Personal information
- Born: May 1977 (age 49) Worthing, England

Sport
- Sport: Field hockey
- Position: Defender

Senior career
- Years: Team / Caps / Goals
- 1993–2000: East Grinstead / - / -
- 2001–2005: Guildford / - / -
- 2007–2017: Chichester / - / -

National team
- Years: Team / Caps / Goals
- –: GB & England /  / -

Medal record
Men's field hockey
Representing England
European Championship
| Bronze medal – third place | 2003 Barcelona | Team |

= Jason Collins (field hockey) =

British field hockey player (born 1977)

Jason Matthew Collins (born May 1977) is a British former field hockey player who played for GB and England.

== Biography ==
Collins was born in Worthing, England, and educated at Littlehampton Community School.

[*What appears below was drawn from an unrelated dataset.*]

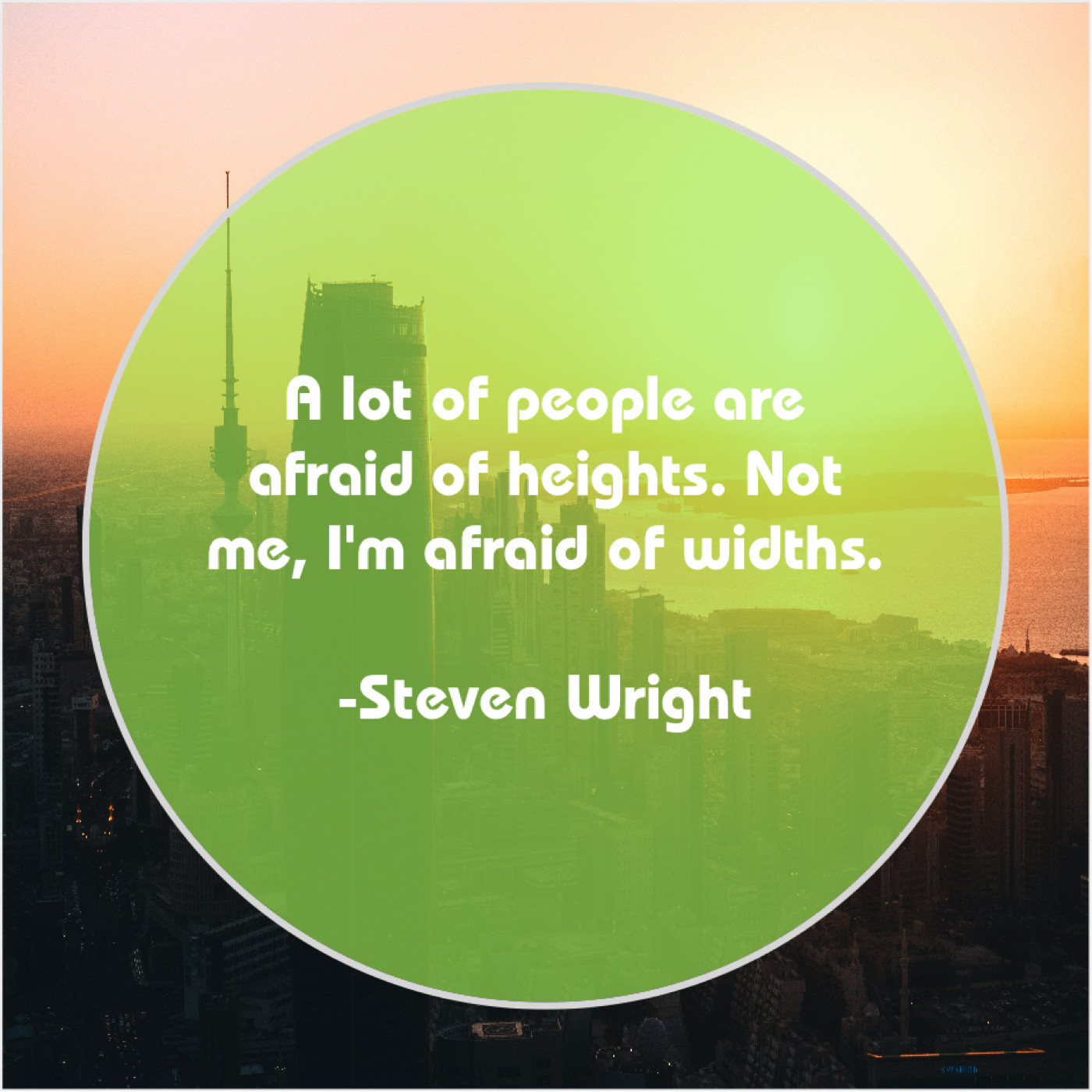 Steven Wright Steven Wright – A lot of people are… August 30, 2019 admin “A lot of people are afraid of heights. Not me, I’m afraid of widths.”-Steven Wright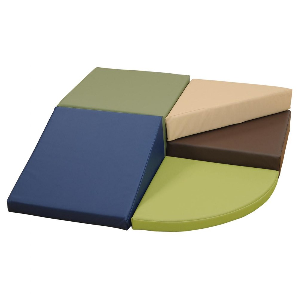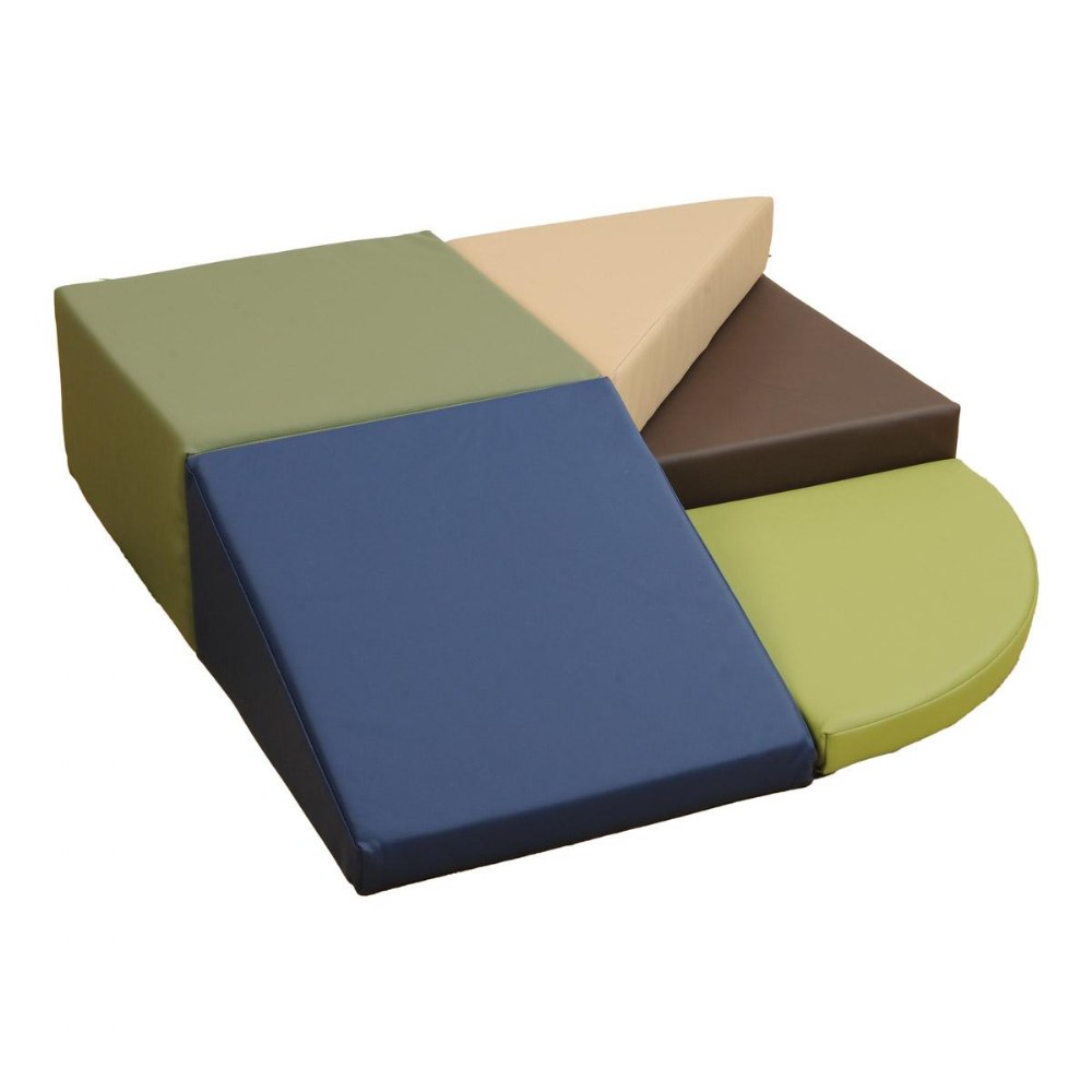 6 months - 2 years. Provide a thoughtful transition piece that will assist children in acclimating to and mastering their surroundings. Cushioned climbers provide beginner crawlers the perfect place to exercise their newfound gross motor skills. The sturdy Comfort Toddler Mountain has curved steps and a straight ramp to crawl, climb and slide down. Five multi-height, solid sponge pieces in the contemporary color palette fit securely together with hook and loop closures. An appropriately sized, soft climber encourages toddlers to practice their budding balance and coordination skills in a safe, exploratory environment. Climber has an easy to clean surface--simply wipe clean with a damp cloth. Measures 45"L x 45"W x 18"H. One year warranty.

He was the captain of Horsham Colts and his Littlehampton School team and won a place on the Sussex representative junior squad in 1991. After a spell with Worthing Hockey Club he played club hockey for East Grinstead in the Men's England Hockey League from 1993.

Collins joined Guildford in 2001 and in October 2001 he was selected for his England debut during the international series against South Africa. Still at Guildford, Collins represented England at the 2002 Commonwealth Games in Manchester, where he helped England finish in fifth position.

After the 2005 season Collins retired from international hockey and later joined Chichester for the 2007/08 season as a player coach.